We haven't heard anything yet about our offer, so I am expecting them to reject it, and as I'm sure you can detect from the previous post, we're not dead set on this one, so are happy-ish to let it go if someone offers more.
 

·
Registered
Joined
·
1,070 Posts
Discussion Starter #19
Offer has been rejected as predicted, but it seems that the 3 viewings today did not produce an acceptable offer either. Two, including the cash buyer, were looking to downsize and found it too big, and the other has "a lot to think about" before they make an offer.

If we up ours a little we could have it, but it's never that simple. If we had our hearts set on that location, we probably would go for it, but we have an idea now to look at a slightly different area, to try and find the one (or something that we could make into it) so we shall see what happens.
 

·
Registered
Joined
·
1,070 Posts
Discussion Starter #20
Viewed some more this weekend, one was a very old cottage right in the centre of a town, but with what looked to be a reasonably large plot. We could see from the pictures that the house was in need of some attention, and was a weird layout (en-suite bathroom with a balcony anyone?) with tiny bedrooms, but it was cheaper, and maybe there was scope for development. It was a definite no on that score - everything was smaller in reality, the garden was all at the front (back of the cottage IS the boundary wall) and on a steep slope, and it was a very damp and small space.

Next up was a bit of a wild card, right at the top of the budget, another rural one, with 2 acres of land. It was a lovely property, originally a gamekeeper's cottage that has been recently extended. Bit quirky, with 3 bedrooms upstairs and one down, 3 en-suites, but no family bathroom or separate downstairs toilet, a lovely bespoke kitchen with oil fired Rayburn doing heating, water and cooking, but with an electric oven and induction hob alongside, study, breakfast room and lounge. Garden is amazing, and there's a massive workshop, complete with authentic barn find car!

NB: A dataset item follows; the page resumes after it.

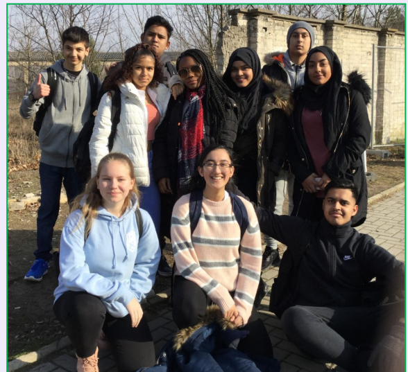
Sachsenhausen concentration camp

It's got decent Internet with a wireless line of sight setup, and as it is used as a repeater to other properties, it's free, apparently. Mains electric and water, septic tank for waste (owner has been there 30+ years and it's never needed emptying!) and an oil tank, that he said is pretty economical. There is a neighbour, but at a distance, and farms all around, plus it is 10 minutes from the nearest town. So far so good.

Big question is about the workshop - it's an old farm building with a curved corrugated asbestos roof, and I am not sure whether that is a problem or not. From what I have read, this use of asbestos is fairly safe, as it's encased in concrete and is a stable material in general. Obviously, it's a problem if there are breakages, and it just feels like a bit of an issue. If we did move there, we'd probably want to remove the workshop anyway, and replace with something in a different place to give more parking and turning options as the house and drive are right in the corner of the plot, making juggling multiple cars a bit of a bind.

Questions for those that know:
- Would the workshop be picked up on a survey as an issue, and would it be a requirement for it to be dealt with, or more an advisory?
- How much of a problem would it be really?

We're still struggling with the decision on whether to go full rural, and are finding the compromises so difficult...
Do we have an older property with character, or a newer one with a more logical layout (and usually bigger rooms)
Do we have space inside or outside?
Do we want to live in town or out of town?
Ideally, we'd be on the edge of town, with a big plot all around us, in a big house, able to turn one way and walk into open country, or turn the other and walk to the shops. Problem is, where those houses exist, we can't afford them!